Nicht nur an direkte Vorteile denken
Ich sage „direkte“ Gegenleistung, weil die Datenüberlassung schließlich vielfältige positive Folgen haben kann. Wer Herzprobleme, Diabetes, erhöhten Blutdruck oder eine andere Krankheit hat, bei der bestimmte Körperwerte regelmäßig überprüft werden müssen, profitiert zwar nicht von einer Weiterleitung der Daten an seine Krankenversicherung, aber von einer Weiterleitung an seine Ärzte. In der medizinischen Forschung, aber auch bei der individuellen ärztlichen Behandlung können die erfassten Daten für neue Erkenntnisse oder zumindest für ein besseres Verständnis der jeweiligen Erkrankung sorgen.

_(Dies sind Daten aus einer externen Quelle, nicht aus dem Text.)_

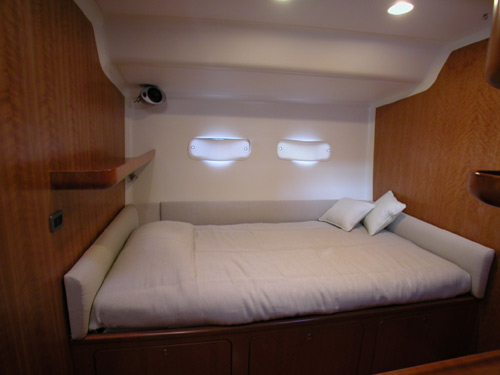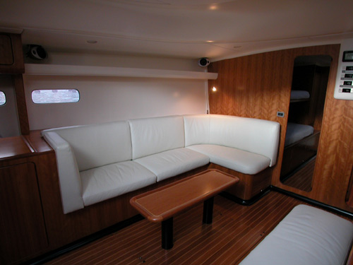 The owners suite is located amidships and provided with two separate single berths with desk and office in between. The saloon is very well lit superbly finished and comfortable for socialising. The two guest cabins are upper and lower berths provided and they are forward preceding the sail locker.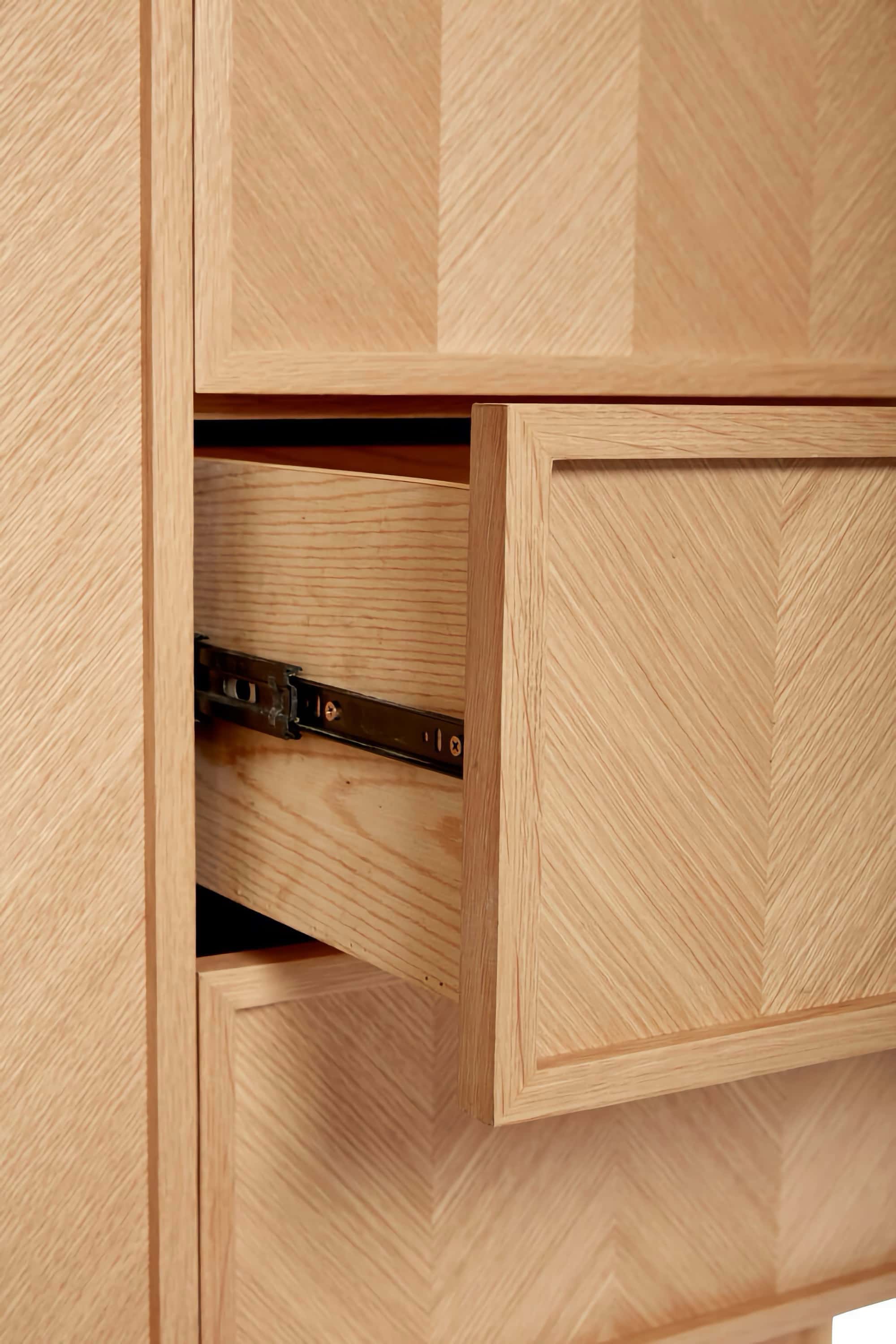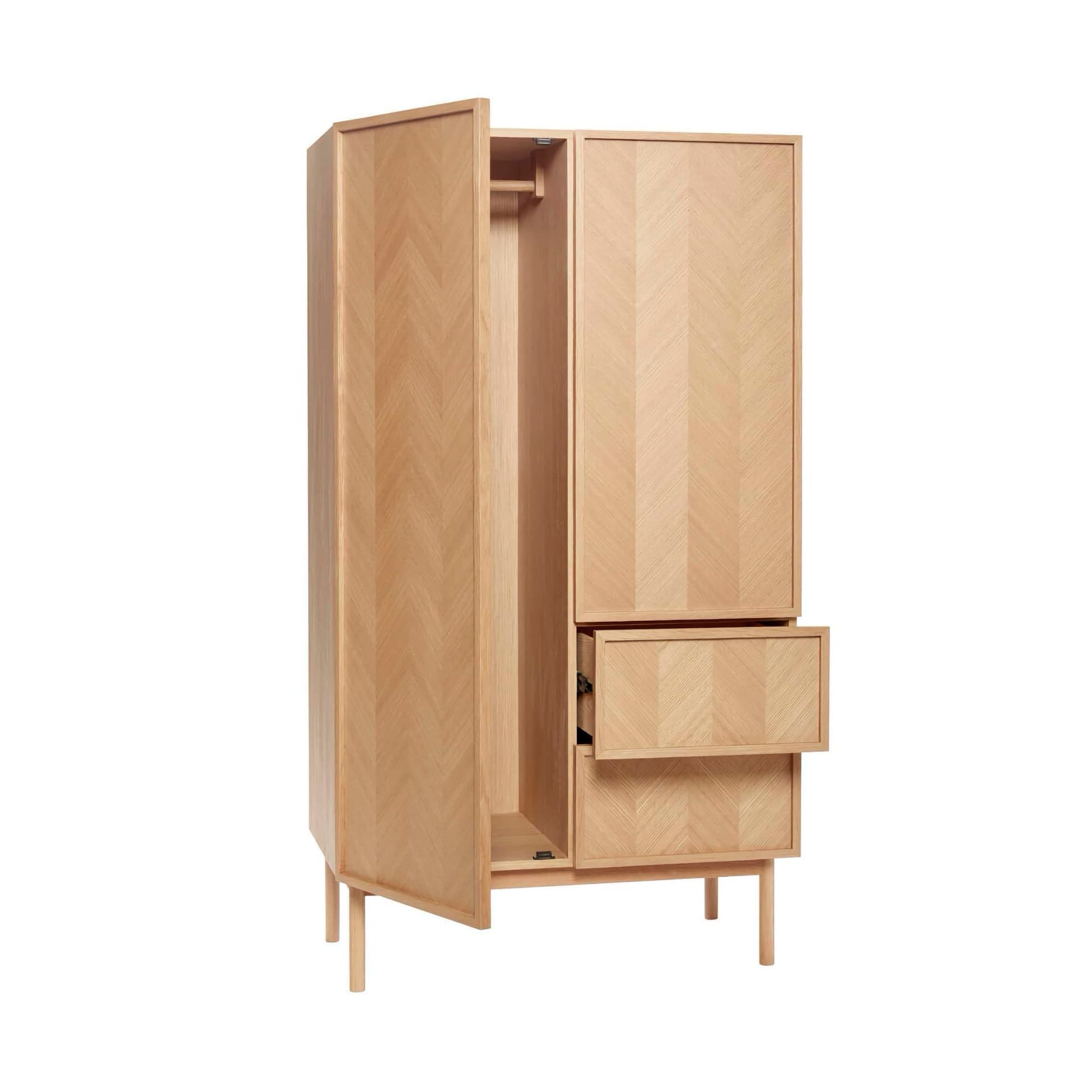 Introducing the Herringbone Wardrobe. Crafted from FSC certified Oak veneer and Oak wood, this wardrobe is the perfect addition to any bedroom. Highly durable and stylish, its herringbone pattern makes it a unique and eye-catching piece of furniture. It comes with plenty of storage space for all your clothing needs and is easy to assemble. Add a touch of sophistication to your home with this beautiful wardrobe.

Zudem kann die Auswertung dabei helfen, die Kosten im Gesundheitssystem zu senken, was zwar zunächst eher im Interesse der Versicherungen, aber letztlich auch im Interesse aller Versicherten ist. Wenn die zusätzlichen Daten etwa dazu beitragen, die unter mehreren Therapiemöglichkeiten im jeweiligen Fall erfolgversprechendste zu identifizieren, haben alle etwas davon. Entsprechendes gilt für die Früherkennung von Krankheiten.
Andererseits ist das Missbrauchspotenzial dermaßen groß, dass es gute Gründe dafür gibt, Gesundheitsdaten allenfalls einem Arzt zu zeigen. Ob die eigene Krankenversicherung diese Daten möglicherweise so verwenden wird, dass man dadurch Nachteile erleidet, sollte gut überlegt werden. Wird man für unter Gesundheitsaspekten vorbildliches Verhalten durch eine Beitragssenkung belohnt, opfert man möglicherweise ein Stück weit seine Freiheit. Und wer weiß, ob „Fehlverhalten“ nicht in Zukunft unmittelbar bestraft wird? Dafür ließen sich immerhin auch einige gute Argumente anführen.
Risiken und Nebenwirkungen
Gravierender ist jedoch, dass man nicht sicher sein kann, dass die eigenen Daten nicht in die Hände Krimineller fallen oder sonstwie gegen einen verwendet werden. Von der harmlosen Verwendung zu Marketingzwecken bis hin zur Erpressung gibt es so viele Möglichkeiten! Inzwischen sollte allgemein bekannt sein, dass der einzige wirklich wirksame Datenschutz im Verzicht auf die Erhebung von Daten besteht.
Bevor man mittels Smartphone und anderen Geräten Körperdaten erfasst, sollte man sich deshalb fragen, wie gut man damit leben könnte, wenn diese nächstes Jahr für alle zugänglich im Internet zu finden wären. Für manche anderen Datenarten sollte man diese Frage ebenfalls stellen. Ein Problem bleibt: Selbst die klügsten IT-Vordenker können nicht beurteilen, welche langfristigen Risiken (20, 30 oder 40 Jahre in der Zukunft …) sich daraus ergeben. Aber wollen wir deshalb den Fortschritt aufhalten?